▶ _What you will do_
Begin at the line containing "Anchor Red in" in the records below, end at the line containing "M KITCHEN หม้อ", and retype each line in that span exactly. No other line and no image should appear.

──────── Extracted data ────────

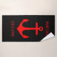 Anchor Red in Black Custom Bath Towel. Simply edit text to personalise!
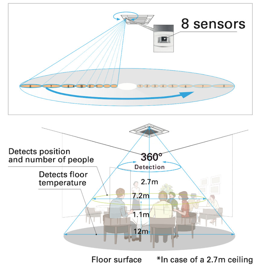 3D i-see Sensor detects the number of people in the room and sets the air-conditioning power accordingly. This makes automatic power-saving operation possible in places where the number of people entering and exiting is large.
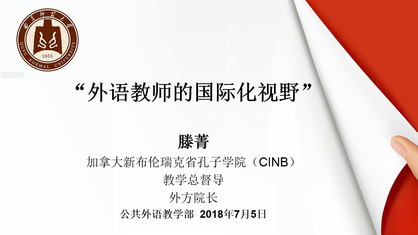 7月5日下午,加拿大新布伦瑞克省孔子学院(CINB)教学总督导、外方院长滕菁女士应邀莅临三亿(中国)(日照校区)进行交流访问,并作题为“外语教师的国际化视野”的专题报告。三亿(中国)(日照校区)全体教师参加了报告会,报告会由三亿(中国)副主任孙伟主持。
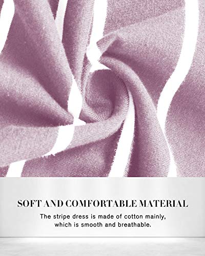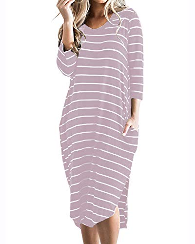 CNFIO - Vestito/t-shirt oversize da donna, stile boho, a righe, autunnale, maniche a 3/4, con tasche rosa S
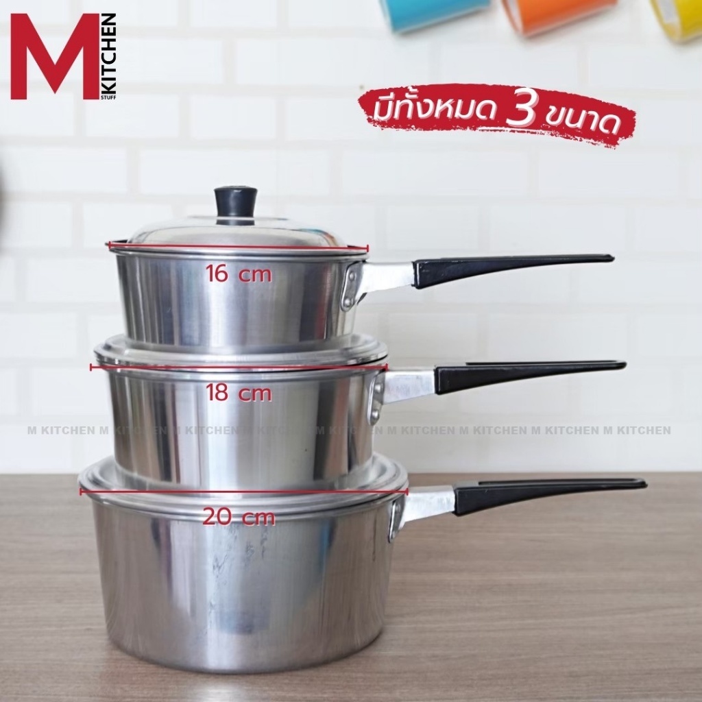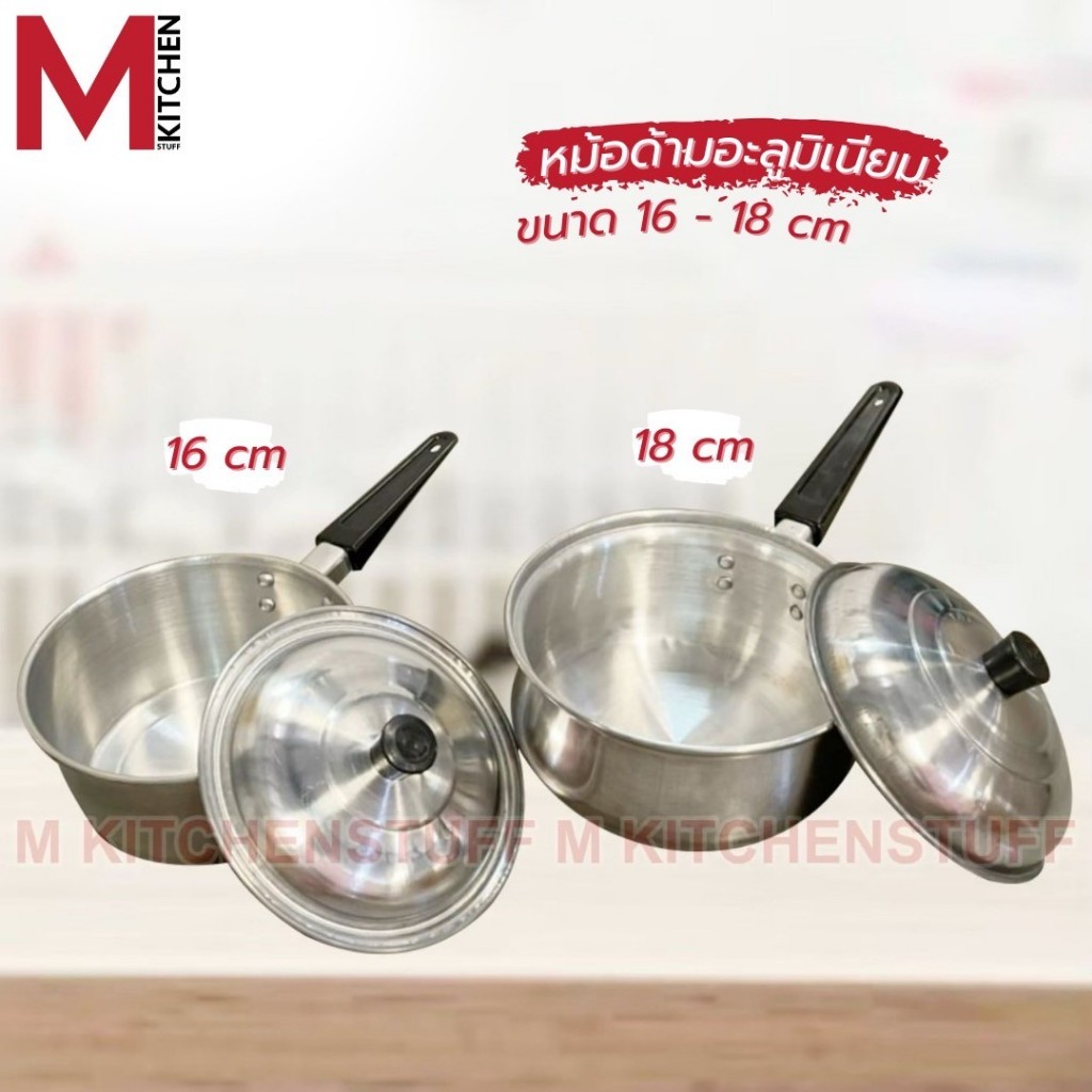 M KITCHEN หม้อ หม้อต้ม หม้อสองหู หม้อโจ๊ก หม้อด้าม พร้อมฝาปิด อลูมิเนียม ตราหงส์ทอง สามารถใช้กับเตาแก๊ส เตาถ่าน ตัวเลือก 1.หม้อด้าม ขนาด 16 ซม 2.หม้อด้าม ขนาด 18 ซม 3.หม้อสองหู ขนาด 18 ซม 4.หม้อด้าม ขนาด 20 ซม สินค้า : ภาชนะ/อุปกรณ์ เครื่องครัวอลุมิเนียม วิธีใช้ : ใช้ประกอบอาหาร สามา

────────
──────── Extracted data ────────

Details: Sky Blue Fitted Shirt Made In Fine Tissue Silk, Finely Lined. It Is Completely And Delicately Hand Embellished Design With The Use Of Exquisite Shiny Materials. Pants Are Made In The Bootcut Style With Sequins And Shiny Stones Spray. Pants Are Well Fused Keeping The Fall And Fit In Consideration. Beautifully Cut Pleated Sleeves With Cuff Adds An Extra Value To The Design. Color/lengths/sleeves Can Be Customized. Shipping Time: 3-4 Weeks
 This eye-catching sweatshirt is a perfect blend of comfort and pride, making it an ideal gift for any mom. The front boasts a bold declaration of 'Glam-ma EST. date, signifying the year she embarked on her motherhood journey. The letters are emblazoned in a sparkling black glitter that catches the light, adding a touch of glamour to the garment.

────────

▶ _Written answer_
 Anchor Red in Black Custom Bath Towel. Simply edit text to personalise!
 3D i-see Sensor detects the number of people in the room and sets the air-conditioning power accordingly. This makes automatic power-saving operation possible in places where the number of people entering and exiting is large.
 7月5日下午,加拿大新布伦瑞克省孔子学院(CINB)教学总督导、外方院长滕菁女士应邀莅临三亿(中国)(日照校区)进行交流访问,并作题为“外语教师的国际化视野”的专题报告。三亿(中国)(日照校区)全体教师参加了报告会,报告会由三亿(中国)副主任孙伟主持。
 CNFIO - Vestito/t-shirt oversize da donna, stile boho, a righe, autunnale, maniche a 3/4, con tasche rosa S
 M KITCHEN หม้อ หม้อต้ม หม้อสองหู หม้อโจ๊ก หม้อด้าม พร้อมฝาปิด อลูมิเนียม ตราหงส์ทอง สามารถใช้กับเตาแก๊ส เตาถ่าน ตัวเลือก 1.หม้อด้าม ขนาด 16 ซม 2.หม้อด้าม ขนาด 18 ซม 3.หม้อสองหู ขนาด 18 ซม 4.หม้อด้าม ขนาด 20 ซม สินค้า : ภาชนะ/อุปกรณ์ เครื่องครัวอลุมิเนียม วิธีใช้ : ใช้ประกอบอาหาร สามา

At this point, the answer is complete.